- The paper demonstrates that fine-tuned LLMs like SuperCoder achieve 95.0% correctness and 1.46× speedup over gcc -O3.
- The methodology leverages reinforcement learning techniques (PPO and GRPO) on a robust CodeNet dataset to optimize assembly code while ensuring functional equivalence.
- The study highlights advanced optimizations, including instruction scheduling and improved register allocation, with implications for future compiler integration.
SuperCoder: Assembly Program Superoptimization with LLMs
Introduction
Superoptimization involves transforming a program to enhance its performance while maintaining its original functionality. The research on utilizing LLMs for this task addresses the potential of these models to function as superoptimizers, specifically for assembly programs that have already undergone optimization by high-performance compilers like gcc -O3. The significance of this work lies in demonstrating the capacity of LLMs, exemplified by the SuperCoder model, to further optimize code beyond what conventional compilers achieve.
Figure 1: Overview of the assembly code optimization task. Given a C program and its baseline assembly from gcc -O3, an LLM is fine-tuned with PPO or GRPO to generate improved assembly. The reward function reflects correctness and performance based on test execution.
Methodology
Task Definition
The goal is to produce an assembly program P′ that is functionally equivalent to a given program P, such that P′ executes faster. The baseline P is generated from a high-level language program C using gcc at the -O3 optimization level. Functional equivalence is verified using a test set T, with rewards based on performance speedups over gcc -O3.
Dataset Construction
A significant dataset is constructed from CodeNet submissions, focusing on assembly programs where gcc -O3 provides the highest relative speedup compared to gcc -O0. The dataset comprises 8,072 training instances and 200 validation instances, designed to represent complex code structures suitable for high-level optimizations.
Reinforcement Learning Framework
The task is framed as a contextual multi-armed bandit problem. Training employs two reinforcement learning algorithms: Proximal Policy Optimization (PPO) and Group Relative Policy Optimization (GRPO). These algorithms are adapted to maximize speedup rewards while ensuring the generated assembly is both correct and performance superior.
Experimental Setup
The experimental setup involves evaluating 23 LLMs, incorporating comprehensive metrics for both correctness (compile- and test-pass rates) and performance (execution speedup over baseline). The best results under baseline conditions were achieved by Claude-opus-4 with a 51.5% test pass rate and an average speedup of 1.43×.
Results and Analysis
Model Evaluation
The evaluated LLMs exhibit diverse performance on the assembly optimization task. Notably, the SuperCoder model, when fine-tuned using reinforcement learning, achieved significant improvements: a 95.0% correctness and an average speedup of 1.46× over gcc -O3. This performance validated the hypothesis that LLMs can transcend traditional compiler optimization limits.

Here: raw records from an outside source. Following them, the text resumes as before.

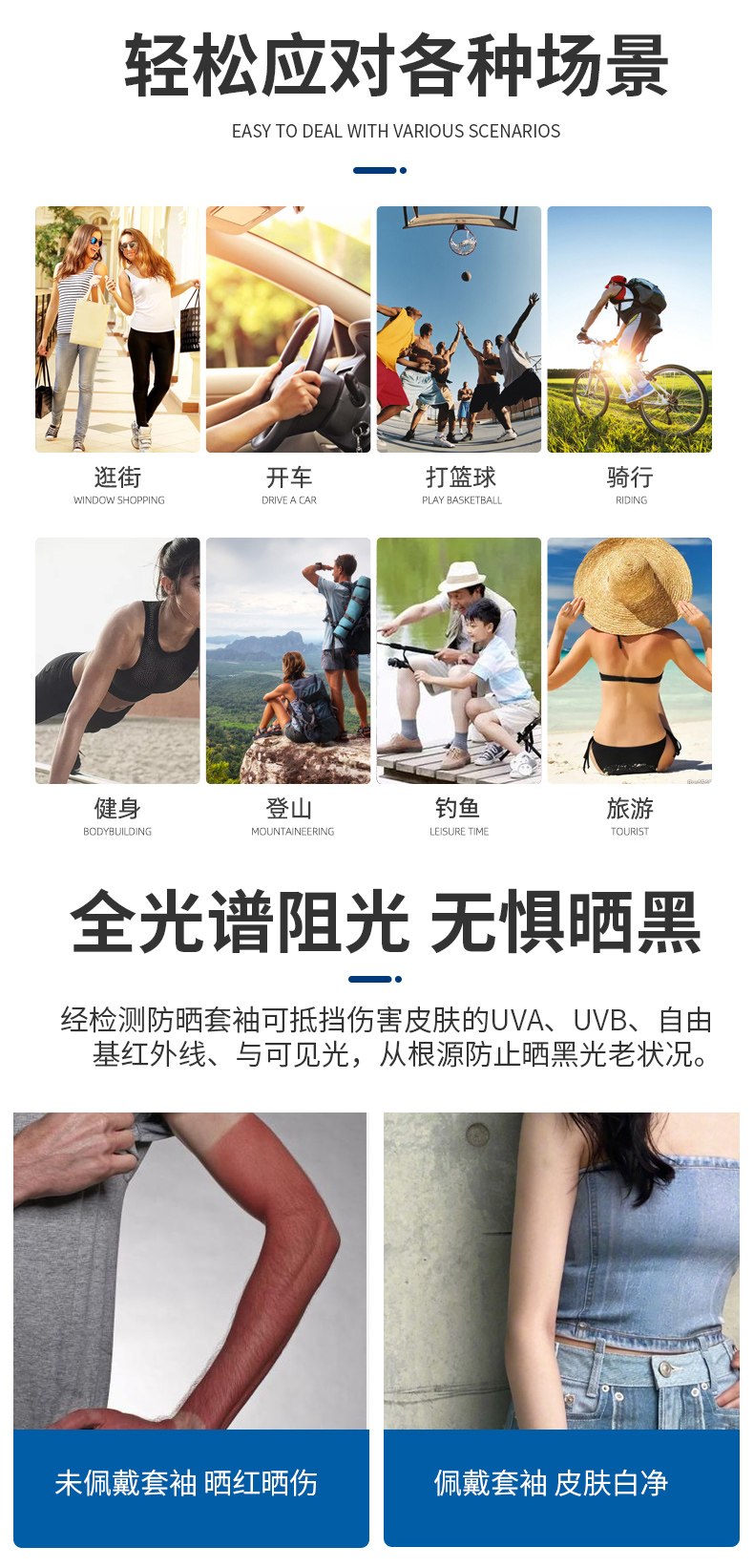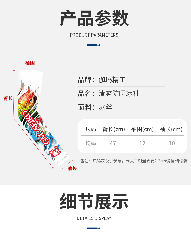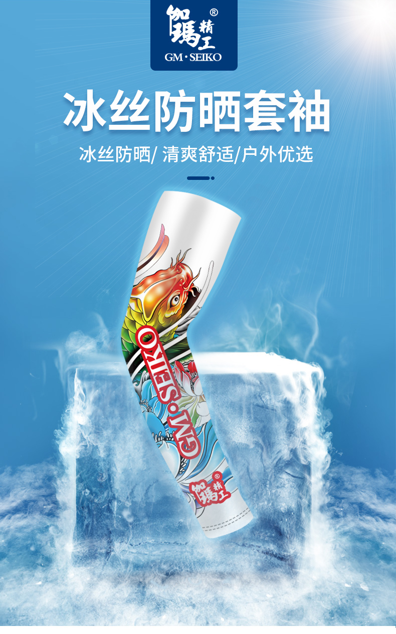 伽玛精工夏季冰袖男防紫外线袖套防晒冰丝护臂薄款冰霜钓鱼套袖
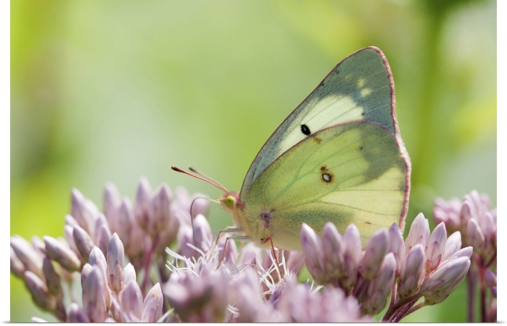 <p>A female clouded or common sulfur butterfly, Colias philodice, pollinating Joe pye weed flowers, Eupatorium species. McClennen Park, Arlington, Massachusetts.</p>
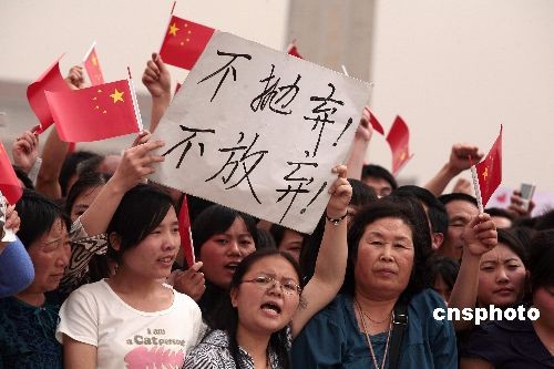2008年5月20日,全國哀悼日第二天,民眾在北京天安門廣場揮舞著國旗,為四川加油,希望災(zāi)民早日度過難關(guān)。中新社發(fā) 崔奉霞 攝
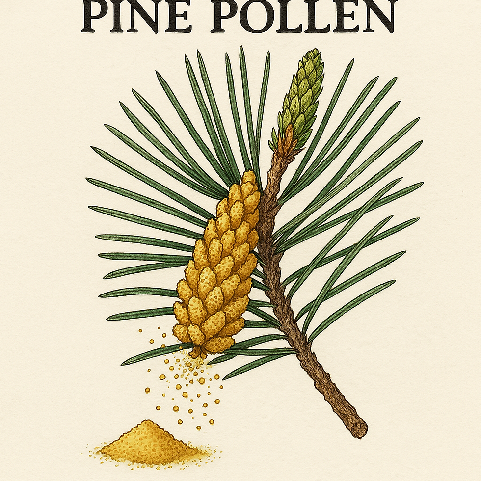 How It Grows: Found on male pine cones, pine pollen appears as a fine golden dust released into the air in early spring. Health Benefits:
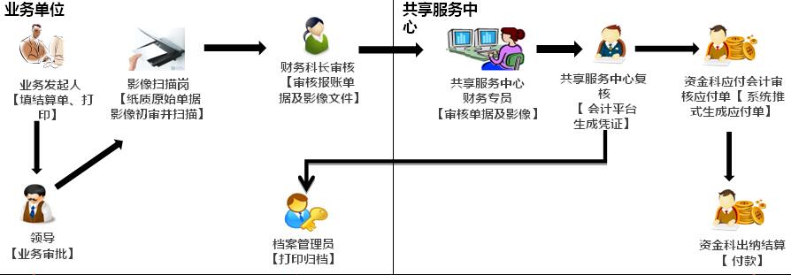 应付挂账--录入应付的流程就是业务员在系统里面录入一个应付单,扫描原始单据,由业务领导审核,业务会计初核,进入共享中心进行审核、复核,生成总账凭证。下面我们看一个付款的流程,就是业务人员录入付款申请单,扫描原始单据,审核申请,业务会计初核,进入到共享服务中心审核、复核。
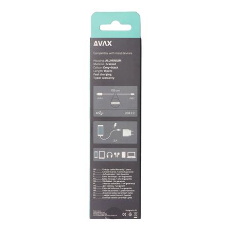 Avax Töltőkábel, USB-A - USB-C, 1,5 m, AVAX "CB301G", acélszürke

SuperCoder exhibited advanced code transformations mainly through instruction scheduling and code layout adjustment, demonstrating a capability to effectively reassemble assembly code to exploit modern CPU architectures' performance characteristics. Additional optimizations included improved register allocation and control flow simplifications.

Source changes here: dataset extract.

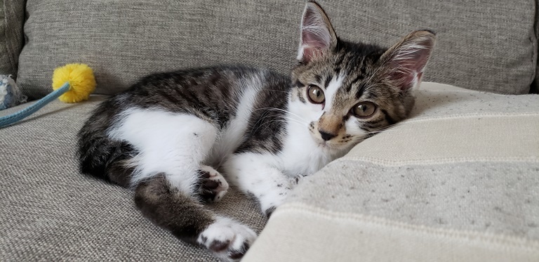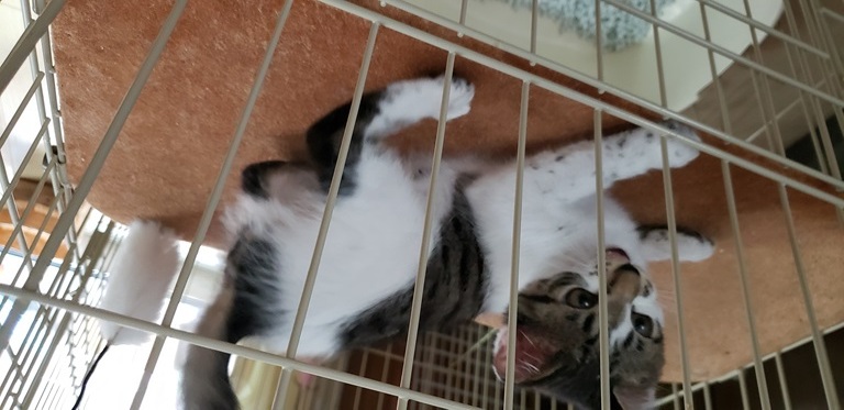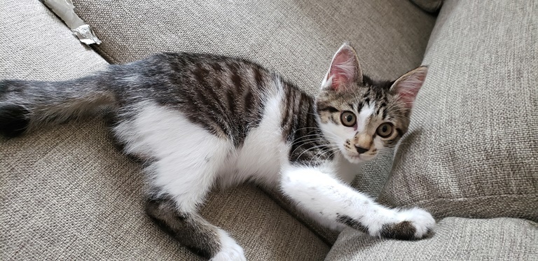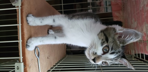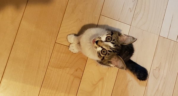 | 特徴(性格など) | キジ白 しっぽは短め 先が幸せのカギしっぽ。 甘えん坊で人の顔を見るとゴロゴロ喉を鳴らします(病院でも) 人と遊ぶのもお膝に乗るのも大好きですが、1人でもよく遊びます。 ゲージでお留守番もいい子で出来ます。 鳴き声は小さく サイレントにゃーが多いです。 大人猫とも上手に挨拶出来ます、少しずつ仲良くなっていく感じです。 |

Implications and Future Work
The implications of this research are substantial in compiler optimization and code generation fields. By demonstrating the viability of LLMs as superoptimizers, this work suggests that future compilers could integrate machine learning components to anticipate and apply optimizations beyond the rule-based confines existing today. Further exploration is warranted into interactive model refinement and expanding these methods to diverse hardware architectures and GPU kernels.
Conclusion
The study on using LLMs for superoptimization, epitomized by SuperCoder, provides compelling evidence of the models' potential to enhance assembly program execution beyond industry-standard compiler optimizations. The establishment of a robust benchmark and notable performance improvements underscore a promising trajectory in AI-driven code optimization, inviting further inquiry and application in the broader landscape of software engineering.